Article and illustration by Mark Beauchamp
Yesterday on his blog, Michael Mandel asked why jobs in the financial industry have fared well — especially considering the upheavals the industry has gone through. Between 2007 and 2010, the percentage employment losses in construction and manufacturing have been in the double digits, yet sectors like finance & insurance and commercial banking stayed (easily) under 10%.
We thought it was was good question — after all, we just went through the biggest financial upheaval in a generation. The trouble (borne out by the story below) is that financial jobs stats are like the financial markets — complex, volatile, and opaque. Nuance and detail is very important, but the data applied to the question can change employment estimates for the financial sector by millions of jobs.

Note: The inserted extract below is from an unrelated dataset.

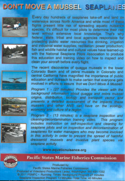 This DVD was produced by the Pacific State Marine Fisheries and the Seaplane Pilots Association to address how pilots can inspect and decontaminate their seaplanes to prevent the spread of invasive species. It is distributed for free to help combat the threat that invasive species represent to the waterways.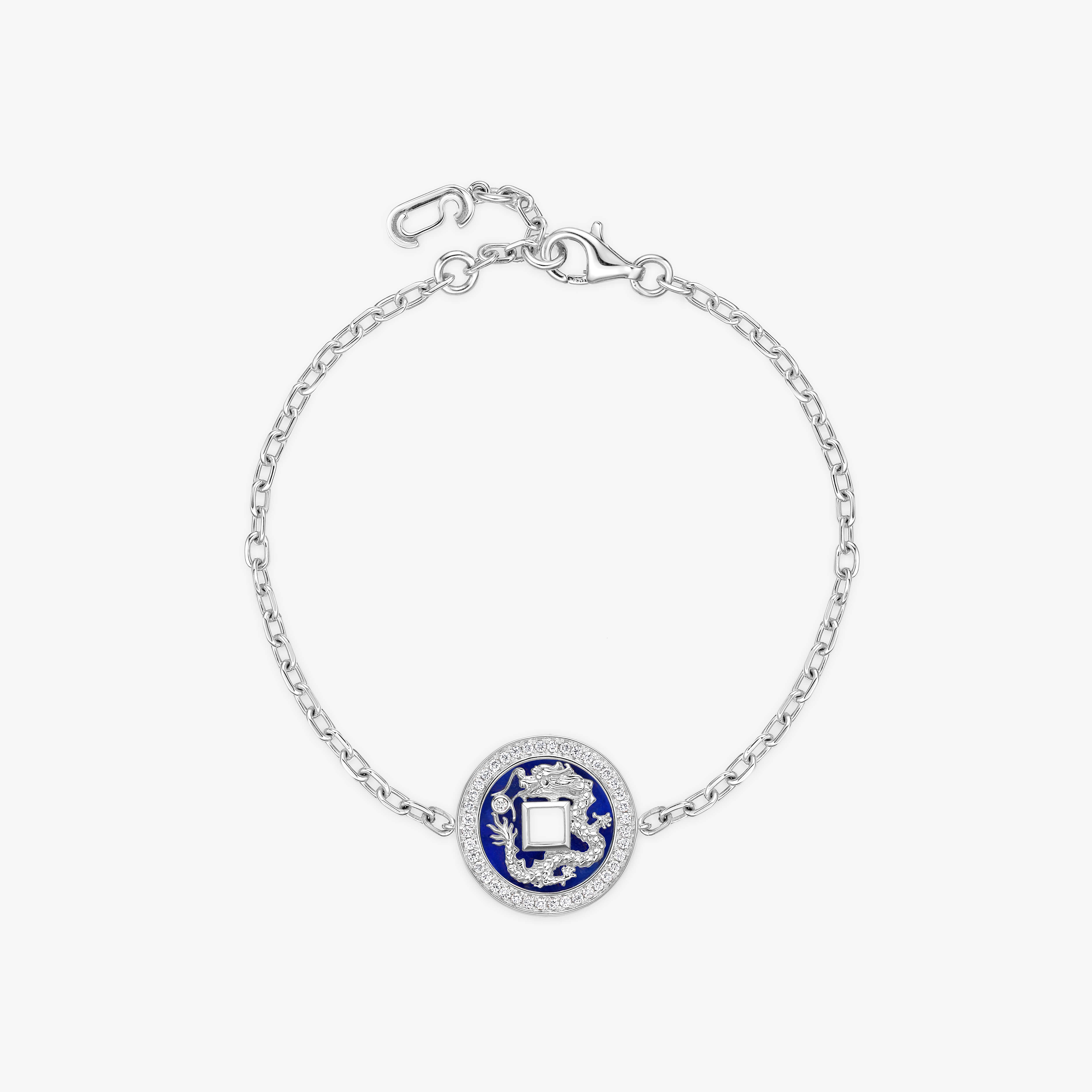 The intricate dragon motifs symbolize strength and connection, while the diamond embodies the essence of the dragon pearl, a legendary treasure in Chinese mythology representing wisdom and power. This necklace also showcases auspicious clouds that symbolize good fortune and blessings.

Here is Mandel’s take on why financial jobs looked like they were doing well:
My theory is that as long as the U.S. is running a big trade deficit, financial sector jobs are going to do very well. The rest of the world has to lend large amounts of money to the U.S. to keep the global economy going, and all of that money has to be funneled through Wall Street, which [creates well-paying] jobs.
In some sense, Wall Street’s gain is proportional to Main Street’s pain. The big trade deficits means less production at home, but the deficits needs to be financed by debt–and any debt issuance, including U.S. Treasuries, ends up going through Wall Street.
Reuters financial blogger Felix Salmon weighed in here:
…while Wall Street does do quite a lot of debt finance, I don’t think that activity explains big headcount trends nearly as well as Mandel thinks it does.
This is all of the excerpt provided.